§ What is being asked: The entries are to be given back verbatim; no picture is to be copied.

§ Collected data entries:
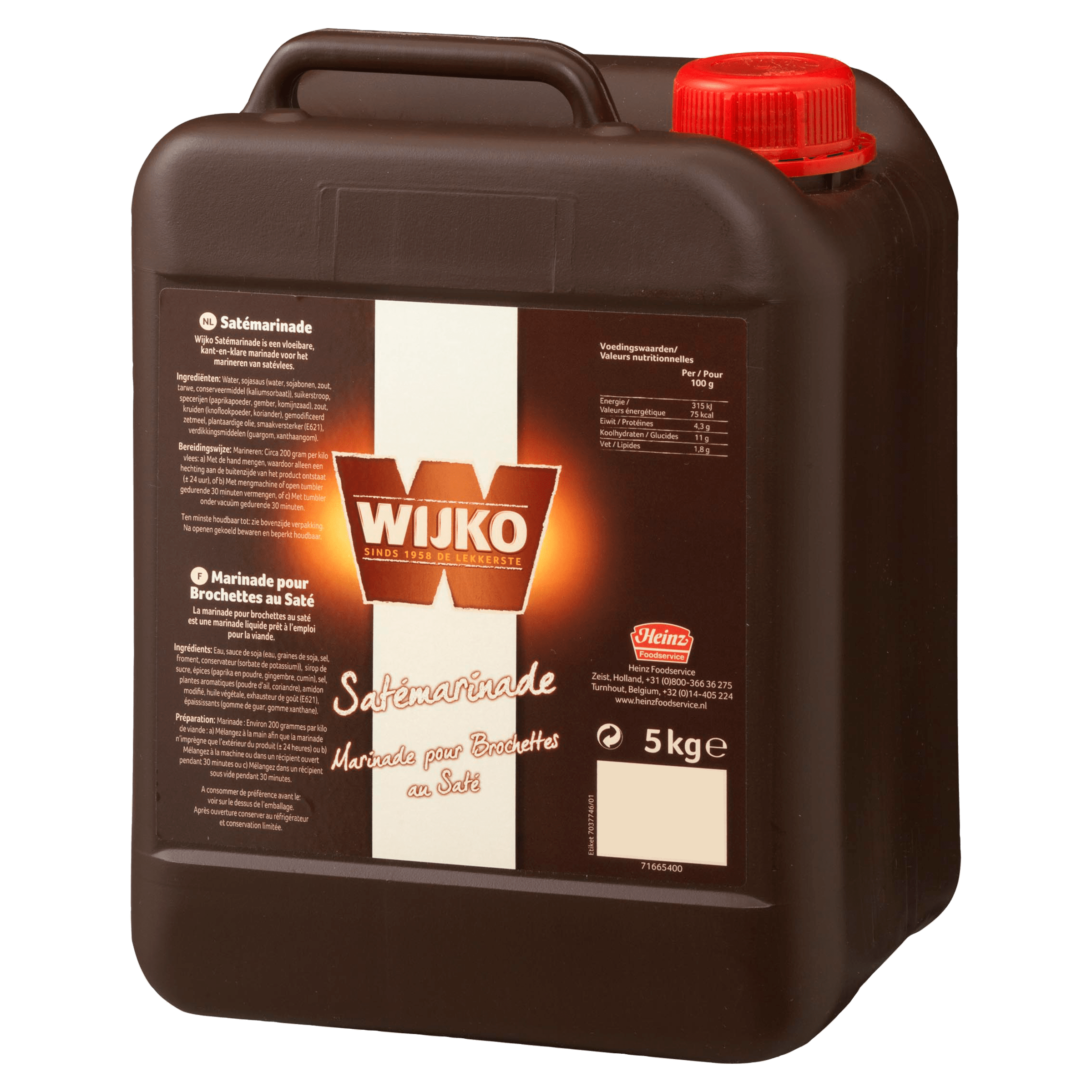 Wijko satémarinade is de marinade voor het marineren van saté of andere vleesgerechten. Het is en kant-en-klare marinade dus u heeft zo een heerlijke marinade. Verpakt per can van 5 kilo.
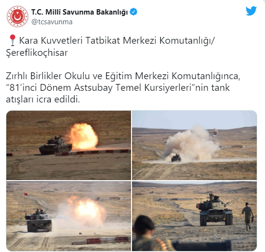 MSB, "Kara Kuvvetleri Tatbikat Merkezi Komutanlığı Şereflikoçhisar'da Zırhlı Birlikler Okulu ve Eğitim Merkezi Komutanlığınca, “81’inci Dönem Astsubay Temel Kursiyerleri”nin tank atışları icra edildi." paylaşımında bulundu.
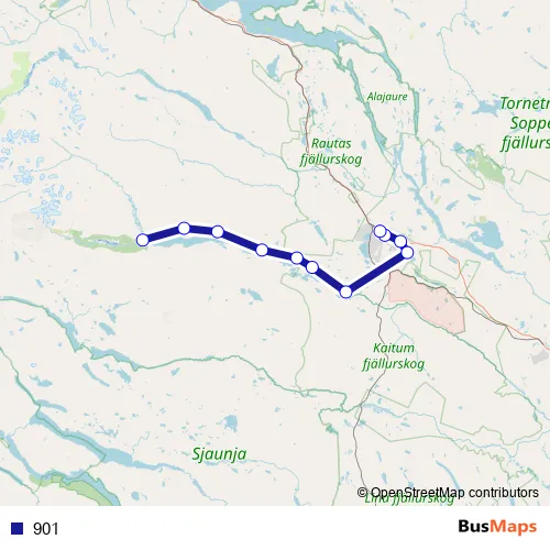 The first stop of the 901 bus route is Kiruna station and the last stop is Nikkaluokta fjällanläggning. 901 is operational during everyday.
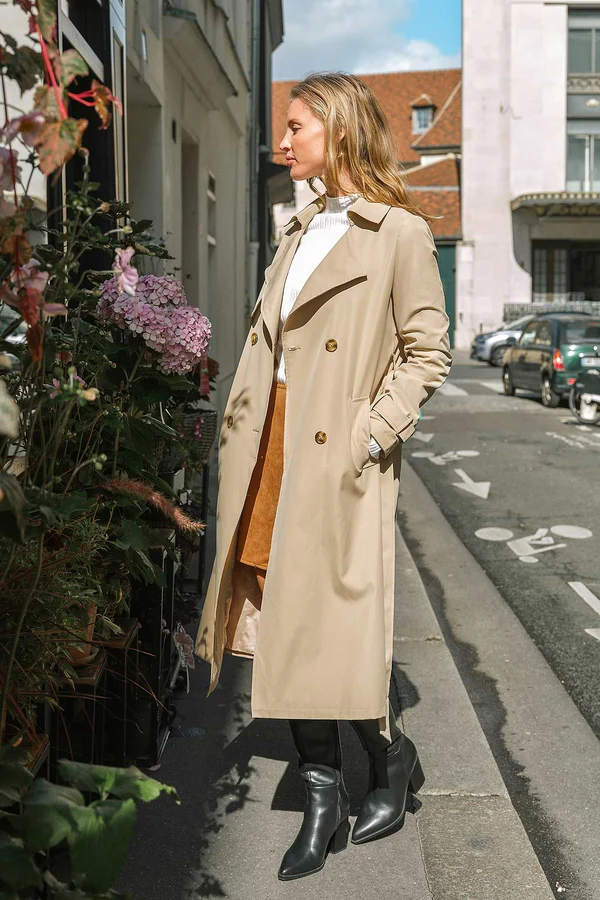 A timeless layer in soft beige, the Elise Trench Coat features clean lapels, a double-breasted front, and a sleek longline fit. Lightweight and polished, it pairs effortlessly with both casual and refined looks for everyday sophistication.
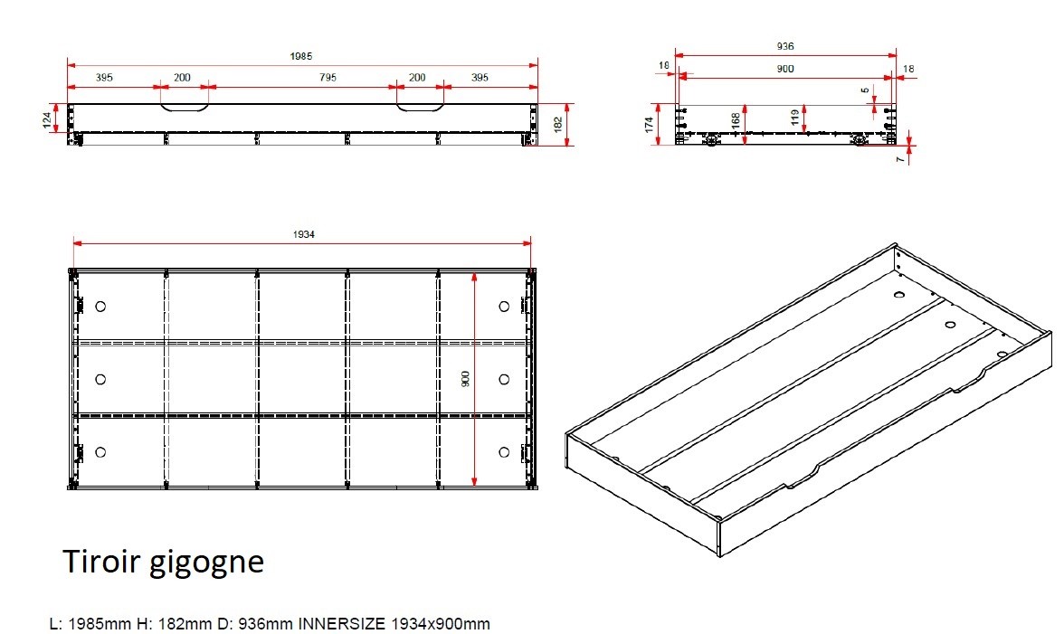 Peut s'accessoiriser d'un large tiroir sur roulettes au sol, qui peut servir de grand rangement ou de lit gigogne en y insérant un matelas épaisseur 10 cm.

§ Task output:
 Wijko satémarinade is de marinade voor het marineren van saté of andere vleesgerechten. Het is en kant-en-klare marinade dus u heeft zo een heerlijke marinade. Verpakt per can van 5 kilo.
 MSB, "Kara Kuvvetleri Tatbikat Merkezi Komutanlığı Şereflikoçhisar'da Zırhlı Birlikler Okulu ve Eğitim Merkezi Komutanlığınca, “81’inci Dönem Astsubay Temel Kursiyerleri”nin tank atışları icra edildi." paylaşımında bulundu.
 The first stop of the 901 bus route is Kiruna station and the last stop is Nikkaluokta fjällanläggning. 901 is operational during everyday.
 A timeless layer in soft beige, the Elise Trench Coat features clean lapels, a double-breasted front, and a sleek longline fit. Lightweight and polished, it pairs effortlessly with both casual and refined looks for everyday sophistication.
 Peut s'accessoiriser d'un large tiroir sur roulettes au sol, qui peut servir de grand rangement ou de lit gigogne en y insérant un matelas épaisseur 10 cm.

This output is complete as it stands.